Les deux interventions suivantes rappellent ainsi les évolutions qu’à connu l’université depuis 1968, date à laquelle elle n’a plus été le bastion d’une classe privilégiée, mais un espace de débats. Depuis, les différentes réformes de l’université (la réforme LMD, la loi Ferry en 2003, la loi de programmation en 2006, la LRU, etc.) visent à privatiser ou à rendre privatisable, à plus ou moins long terme, cet espace de débats. Cette privatisation entraîne alors une mise en concurrence à tous les niveaux : aussi bien au niveau des établissements (classements internationaux), qu’à l’intérieur de ceux-ci (entre UFR, entre filières) ou bien entre les étudiants (sélection à l’entrée). Cette privatisation à lieu à plusieurs échelles : au niveau du langage lorsque l’université doit être « moderne », faire preuve d’« excellence » et d’« innovation », ou encore être « compétitive ». Elle doit permettre la « professionnalisation » des étudiants et leur « employabilité ».  Cette privatisation a lieu aussi au niveau matériel avec un retrait de l’État du financement des universités, et à termes le financement par des fondations, des entreprises et par l’augmentation des droits d’inscription.

Face à la mise en place de cette compétition généralisée, il apparaît important de permettre une prise de conscience politique des étudiants et cela passe par des espaces de discussions inter-catégoriels.

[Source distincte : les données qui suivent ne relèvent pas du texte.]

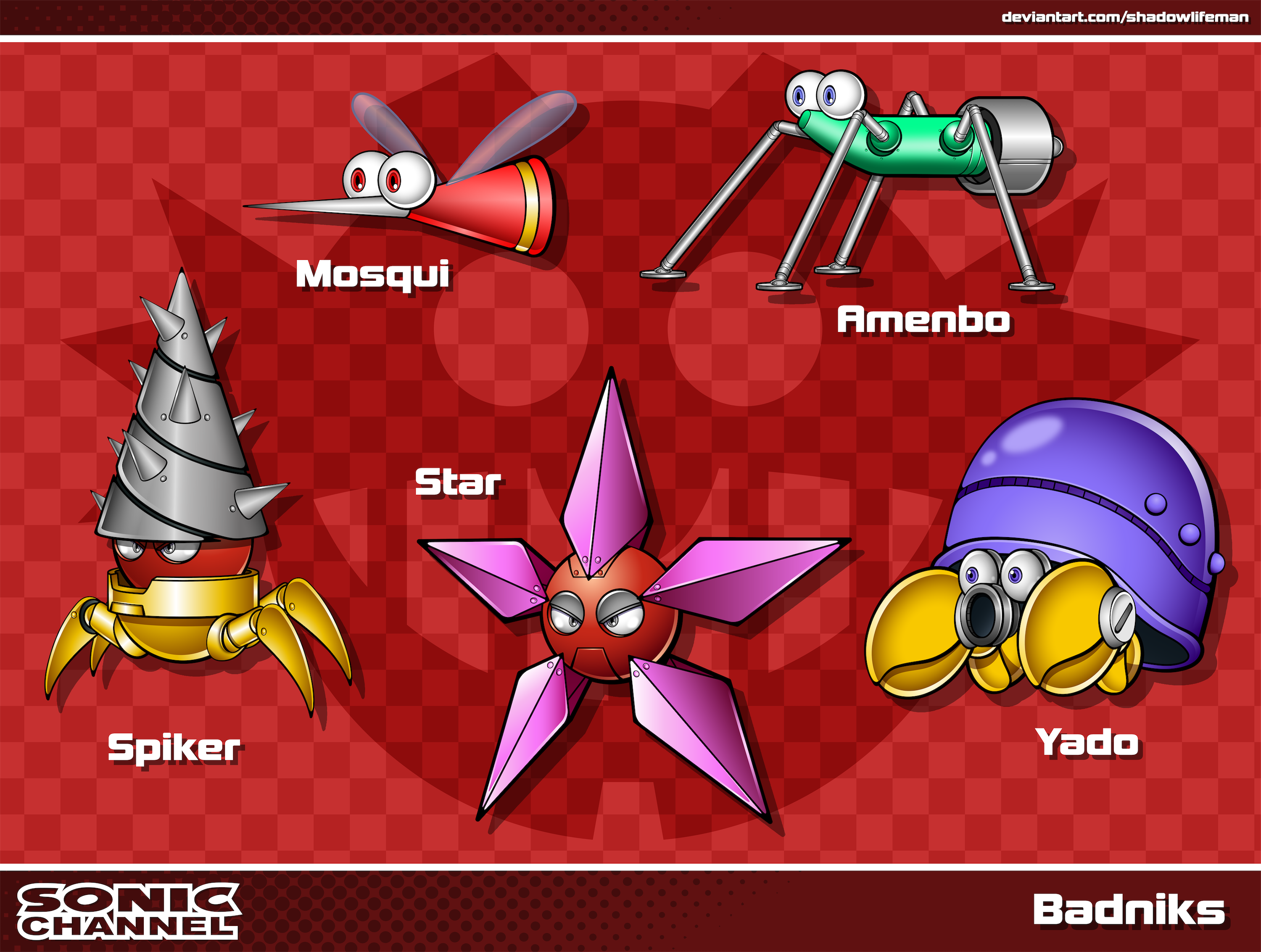 safe36242 artist:shadowlifeman33 2021813 agender250 agender only22 amenbo1 badnik96 character name973 checkered background118 eggman empire logo40 group1308 looking offscreen4195 mosqui1 robot982 sonic channel style14 spiker3 star (badnik)1 style emulation198 text605 yado1

Enfin une dernière intervention autour de la non-reconnaissance de la pénibilité dans le cas de la chimie, vise à mettre en débat plus largement le monde du travail et les réformes antisociales en cours. Le compte pénibilité était, au départ, une garantie demandée par certains syndicats en échange d’un accord sur l’allongement de la durée de cotisation retraite. Cette garantie est aujourd’hui en partie vidée de sa substance puisque certains indicateurs, jugés trop « complexes » à évaluer, « inapplicable concrètement » ne sont plus reconnus : les postures pénibles, les vibrations, les agents chimiques dangereux et les températures extrêmes. Or si ces indicateurs sont inapplicables, c’est essentiellement parce que les accords de branches ont été délibérément sabotés par les organisations patronales (MEDEF en tête), et qu’ils seraient alors évalués individuellement. Cela complexifie évidemment le problème, et amène de l’eau au moulin du MEDEF, qui estime que le compte pénibilité est « une usine à gaz ».

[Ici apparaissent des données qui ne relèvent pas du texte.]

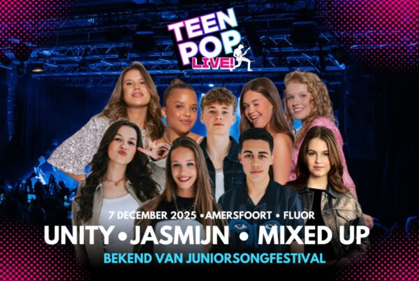 Tijdens deze speciale editie van Teen Pop LIVE! staan de sterren bekend van het Junior Songfestival – UNITY, Jasmijn en Mixed Up – voor het eerst samen met een swingende liveband op het podium.
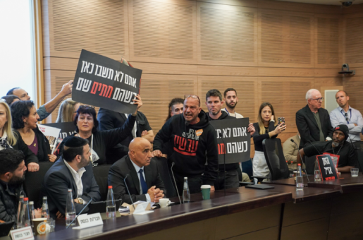 وهدد أحد المقتحمين أعضاء الكنيست بالقول “أتعهد لكل ممثلي الجمهور بأني لن أغادر وسأطاردكم واحدا واحدا حتى تتعاونوا معنا من أجل إعادة الجميع الآن”.

Avec les évolutions actuelles, la disparition des CHSCT ne permettra plus de faire barrage aux dégradations des conditions de travail. Sont évoquées les conditions de travail dans les bâtiments amiantés et les productions toxiques qui sont délocalisées.

La question de la production de la science, notamment au regard de ces modes de financements, est aussi abordée. Ces derniers impactent en effet la recherche scientifique elle-même.

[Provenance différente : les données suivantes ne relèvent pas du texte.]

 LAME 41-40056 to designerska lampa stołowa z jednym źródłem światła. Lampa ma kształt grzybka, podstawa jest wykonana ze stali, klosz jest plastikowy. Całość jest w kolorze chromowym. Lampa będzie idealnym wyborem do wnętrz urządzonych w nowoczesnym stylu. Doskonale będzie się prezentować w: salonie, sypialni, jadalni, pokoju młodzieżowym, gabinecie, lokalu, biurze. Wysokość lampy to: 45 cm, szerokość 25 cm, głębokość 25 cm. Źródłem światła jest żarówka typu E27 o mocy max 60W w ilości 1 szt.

Finalement il apparaît que l’université est un espace qui permet de réunir beaucoup de monde. Il ne s’agit pas d’en faire un espace central, mais bien d’utiliser ce potentiel pour faire circuler une parole libre et critique. La discussion nous amène à réfléchir à nos modes d’actions et de mobilisation au sein de l’université et avec les autres secteurs d’activités. La direction de l’université fait des liens « par le haut » avec le monde de l’entreprise. La pensée critique et le travail scientifique peuvent permettre de faire des liens « par le bas » avec le monde du travail et les divers mouvements sociaux. Il nous reste à trouver comment développer de tels liens de manière pérenne.